- Church: Catholic Church
- Archdiocese: Archdiocese of Tuam
- In office: 7 November 1881 – 26 November 1902
- Predecessor: John MacHale
- Successor: John Healy
- Previous posts: Coadjutor Archbishop of Tuam (1878-1881) Apostolic Administrator of Kilmachduagh and Kilfenora (1866-1881) Bishop of Galway (1857-1881)

Orders
- Ordination: 25 July 1840
- Consecration: 22 March 1857 by John MacHale

Personal details
- Born: 15 April 1818 Louisburgh, County Mayo, United Kingdom of Great Britain and Ireland
- Died: 26 November 1902 (aged 84)

= John McEvilly =

Irish Archbishop

John McEvilly (1818–1902) was an Irish Roman Catholic clergyman who served as the Archbishop of Tuam from 1881 to 1902.
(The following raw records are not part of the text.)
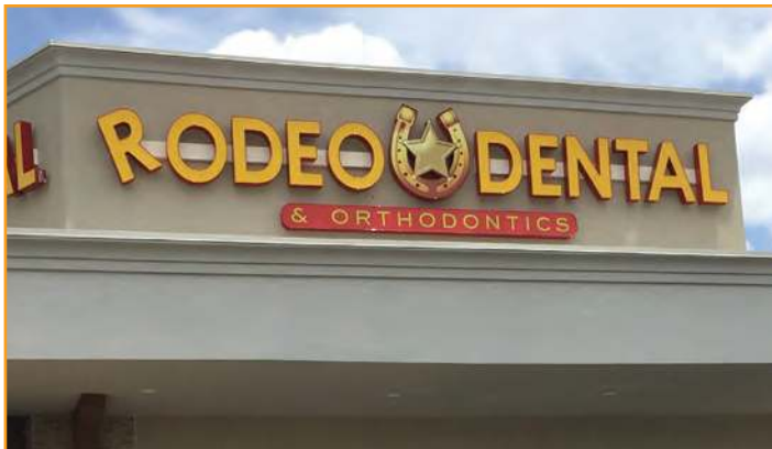
Rodeo Dental at Casa View Shopping Center
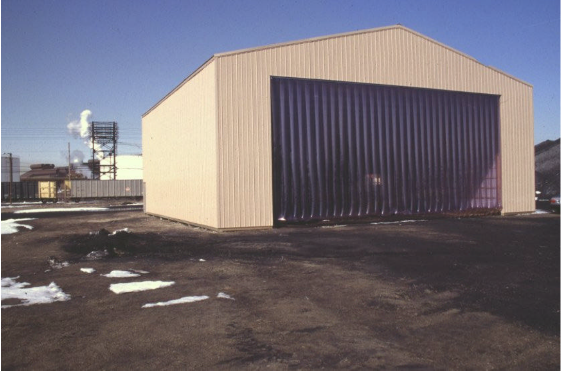
Figure 3. Pole Barn at the Bailly Generating Station.
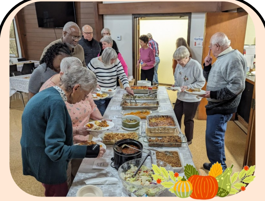
Everyone who attended the HARVEST DINNER enjoyed delicious food, fun and fellowship!

If you encounter any suspicious messages, we strongly advise deleting them immediately.
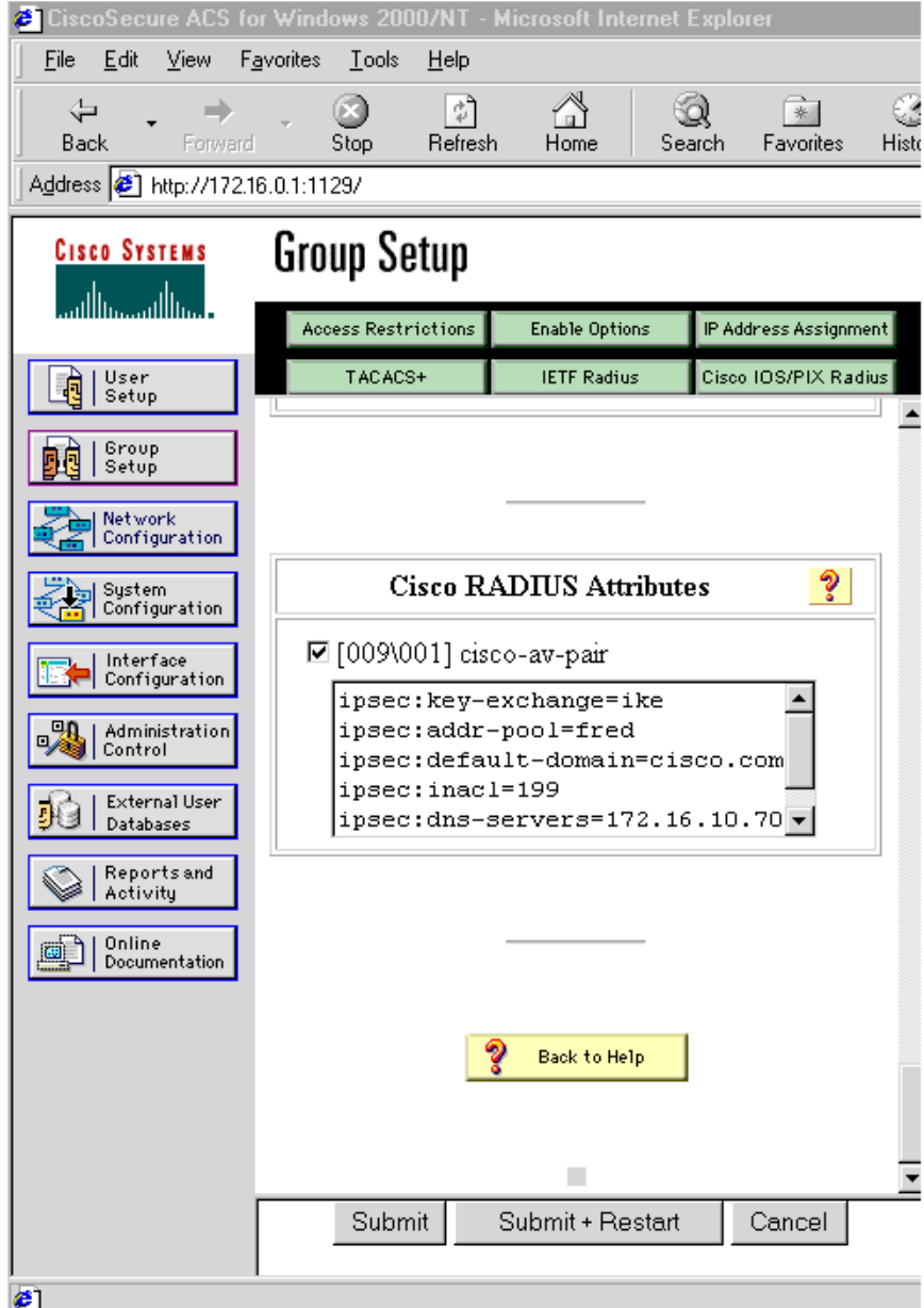
Figure 1 IETF RADIUS Attributes Selection for Group Configuration

In addition to the compulsory attributes shown in Figure 1 , other values can be entered that represent the group policy that is pushed to the remote client via Mode Configuration. Figure 2 shows an example of a group policy. All attributes are optional except the Addr-Pool attribute. The values of the attributes are the same as the setting that is used if the policy is defined locally on the router rather than in a RADIUS server. (These values are explained in the section “ Defining Group Policy Information for Mode Configuration Push ” later in this document.)
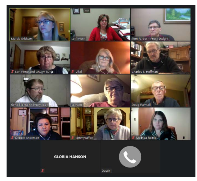
NESDCAP Board of Directors Conducting November's Board Meeting
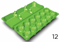
12 Count Bi-Fold

12 count tri-fold, 12 count bi-fold, 18 count bi-fold, and 24 count bi-fold
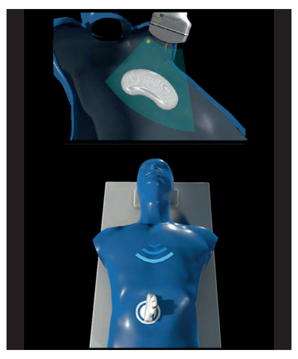
Learn how the probe interacts with the 3d shape
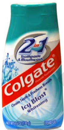
Colgate 4.6 oz. 2-in-1 Icy Blast Toothpaste #21748 $5.25 / EA
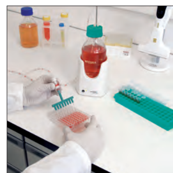
Removal of washing solutions
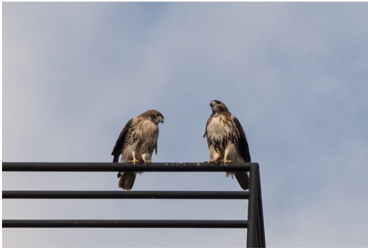
(Red-tailed hawks, East Campus dorm, November 21, 2021)
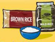
Cooked rice, bulgur or quinoa 125 mL (½ cup)
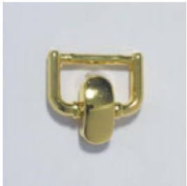
81567/20 O - N
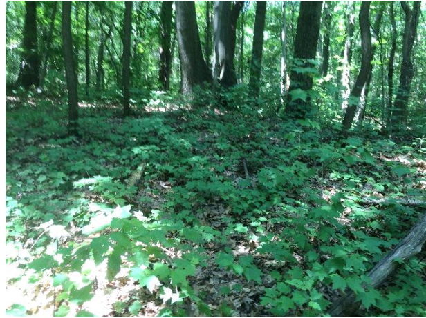
Two forested parks in New York City. The photo on the left shows severe deer damage; the photo on the right shows a healthy understory.

High-density populations can also harm the deer themselves by increasing competition for food and transmission of diseases and parasites. Deer in lower-density populations tend to be in better physical condition (Keyser et al., 2005), all else being equal, because there is more food available to them. Because they don't come in contact with as many other deer, they are less likely to be infected with parasites or diseases (Storm et al., 2013).
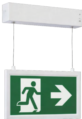
MXL/ESA09/LFP (small) MXL/ESA11/LFP (large)

The Wire Suspended versions utilise parallel suspension wires that allow the height of the legend to be easily set by the use of two locking clutch bush mechanisms.
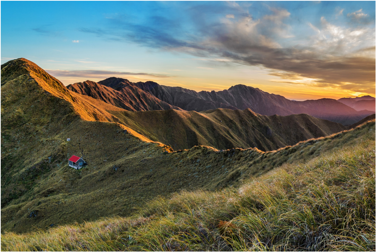
Sunset view south from above Tarn Ridge Hut (1,360m), to Adkin, the Three Kings, Broken Axe Pinnacles and McGregor, with Dorset Ridge middle foreground
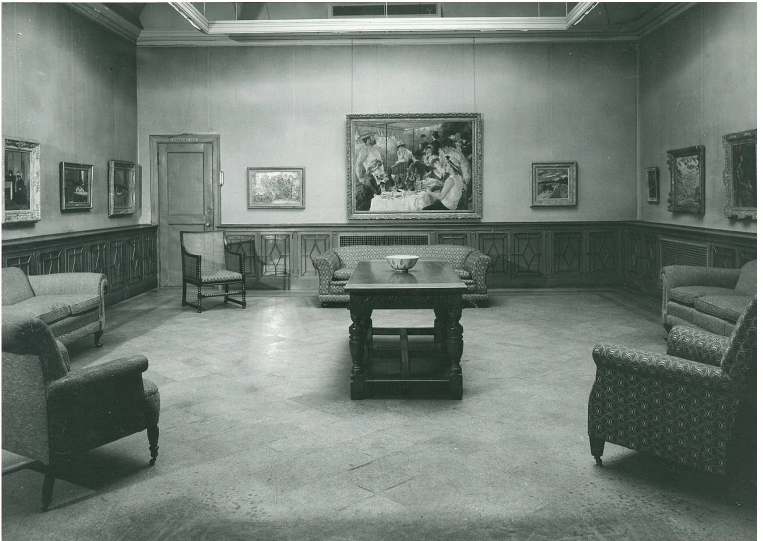
BOTTOM: The Main Gallery in 1941

He was born on 15 April 1818 in Louisburgh, a small town near Westport, County Mayo, Ireland. He entered the Seminary of Tuam in January 1833, then was sent to Maynooth College in September 1833, where among his contemporaries was the future Archbishop of Armagh Joseph Dixon. In 1842, McEvilly was ordained a priest of the Archdiocese of Tuam.
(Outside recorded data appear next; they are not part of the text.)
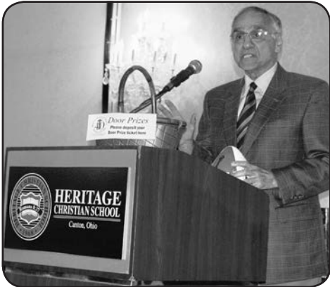
Former Browns coach Sam Rutigliano authenticates a Browns-signed football
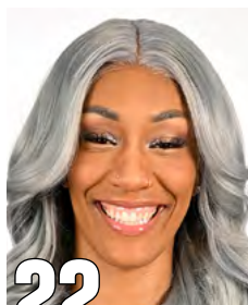
22 A'JA WILSON Center | 6-4 | 195 South Carolina | 7th Year
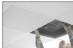
Slide the loudspeaker onto the grille.
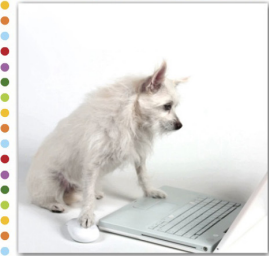
The Writing Watch Dog says... (touch the image to enlarge)

Many times you will have a choice about your writing topic. Deciding what to write about can be a very difficult job. But there are some activities that you can do to make the choice easier. These activities are called prewriting. Prewriting is the first stage of the writing process. In prewriting, you get ready to write by talking, thinking, and reading about possible writing topics.
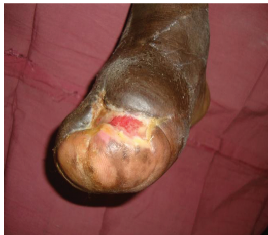
Fig. 4. Surgical example of wound healing with local flap closure.

patient's lower extremity vascular and neurological status is necessary before any surgical intervention (19, 20). Surgical treatment in our study group included sequestrectomy and debridement of necrotic and friable bone to healthy bone margins. In some cases, more extensive surgical debridement in the form of partial resection of the metatarsal bone or even phalangeal bones was performed. Surgical excision of the infected bone provided reliable specimens for microbiological and histopathological analysis. Minor amputations were performed if there was an extensive localized soft tissue necrosis provided that there was no critical ischemia.
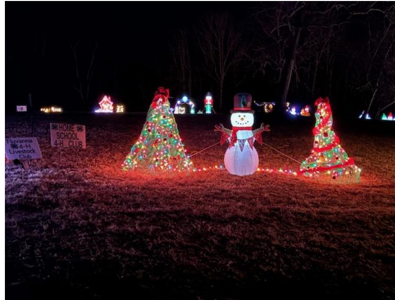
HOMESCHOOL 4-H CLUB
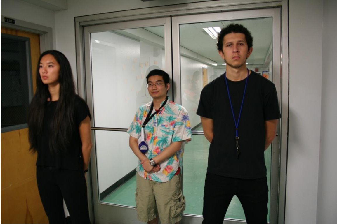
Figure 3. A Walk in Our SHUs: Guards and Tour Guide

Towards the end of the first course, I assembled an hour-long performance composed of solo and group pieces created in class. Some works were incorporated as presented, some were layered together, others were re-assigned to new performers. The performance, which the students titled A Walk in Our SHUs: An Original Performance Exploring the California Prison System , was structured in a prologue and three acts. In one classroom, audience members checked in at a table where four unsmiling Guards asked them a series of personal questions, recording the answers on forms. An ebullient Tour Guide then ushered the group into our own classroom for the first act. The second act was presented in promenade and took place down a long adjoining hallway, where small study rooms set up as cells contained solo acts performing simultaneously. A timeline outlining the history of the hunger strikes ran along with opposite wall. At one end of the hallway a room stood open as an approximation of a SHU cell; at the far end a group of students executed movement sequences against a slide show outlining the Five Core Demands made by the hunger strikers. The Guards paced the hallway, speaking only to remind audience members to look but not step into the study rooms. After roughly
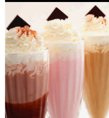
Iced chocolate, strawberry or coffee
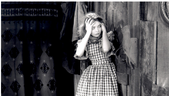
Letty Mason (Lillian Gish) listens in anguish to the sound of the rising wind, in Victor Sjöström's The Wind (1928).

Films discussed include a range of short experimental films from the twentieth and early twenty-first centuries, and Jean Epstein's The Fall of the House of Usher ( La Chute de la maison Usher , 1928), Victor Sjöström's The Wind (US, 1928), Joris Ivens's Rain ( Regen , Holland, 1929), Michael Powell and Emeric Pressburger's Black Narcissus (UK, 1947), Val Guest's The Day the Earth Caught Fire (UK, 1961), Hiroshi Teshigahara's Woman in the Dunes ( Sunna na Onna , Japan, 1964), Douglas Trumbull's Silent Running (US, 1972), Terrence Malick's Days of Heaven (US, 1978), Andrei Tarkovsky's Stalker (USSR, 1979), Hayao Miyazaki's Princess Mononoke ( Mononoke-hime , Japan,
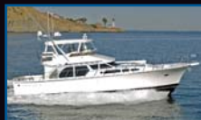
MIKELSON 57 Beam: 17' 11" Range up to 1500nm
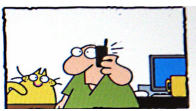
"This call may be recorded so we can Play it back for laughs during our break."

Negative image. A man accused of installing a camera in a women's restroom at a grocery store last week reportedly photographed himself while he was doing it. The man from Newton, Iowa, has been charged with invasion of privacy. He was an employee of the grocery store at the time of his arrest. The charge is a serious misdemeanor. The maximum penalty is a fine of up to $1,875 and up to a year of incarceration. The miniature camera, initially believed to transmit video images over the Internet, was found Jan. 27. It was attached to a fluorescent light fixture in the female employees' restroom. It turned out it was not transmitting images, police said Thursday. It was self-contained. Officers were able to view the suspect allegedly setting it up. The suspect has not worked at the grocery since the incident, the company said. The man, who could not be reached, did not provide information about the crime. Des Moines Register, Feb. 4, 2011
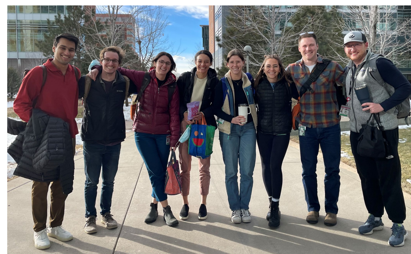
Fig. 3 FCB and AMC students pose together before a pathology lab
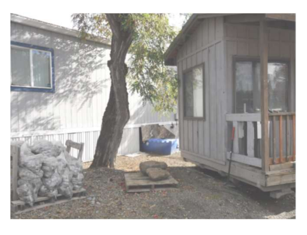
Photo 3-C: Mobile Trailer Type Building and Display Shed on Subject Property.
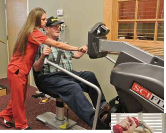
Rehab and Fitness Center
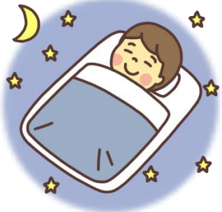
gone to bed
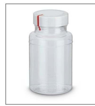
Water Bottles * (QTY)
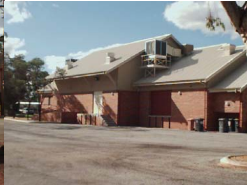
Load in door
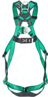
V-FORM, Steel Hardware, Back & Chest D-Ring, Shoulder Loop, Qwik-Fit buckles (P/N 10205379/10205380/10205381)
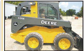
2016 Deere 326E *HiFlow* 2300hr AC Joystx 2speed NEW Tires.....$39,900

On 9 January 1857, he was appointed the Bishop of Galway by the Holy See and was consecrated on 22 March 1857 by the Most Reverend John MacHale, Archbishop of Tuam. While as Bishop of Galway, McEvilly was appointed the Apostolic Administrator of Kilmacduagh and Kilfenora in September 1866 and appointed Coadjutor Archbishop of Tuam on 11 January 1878. On the death of Archbishop MacHale, he succeeded as the Metropolitan Archbishop of Tuam on 7 November 1881.

He was instrumental in setting up St Joseph's Industrial School, Letterfrack, and he produced a number of well respected Bible commentaries.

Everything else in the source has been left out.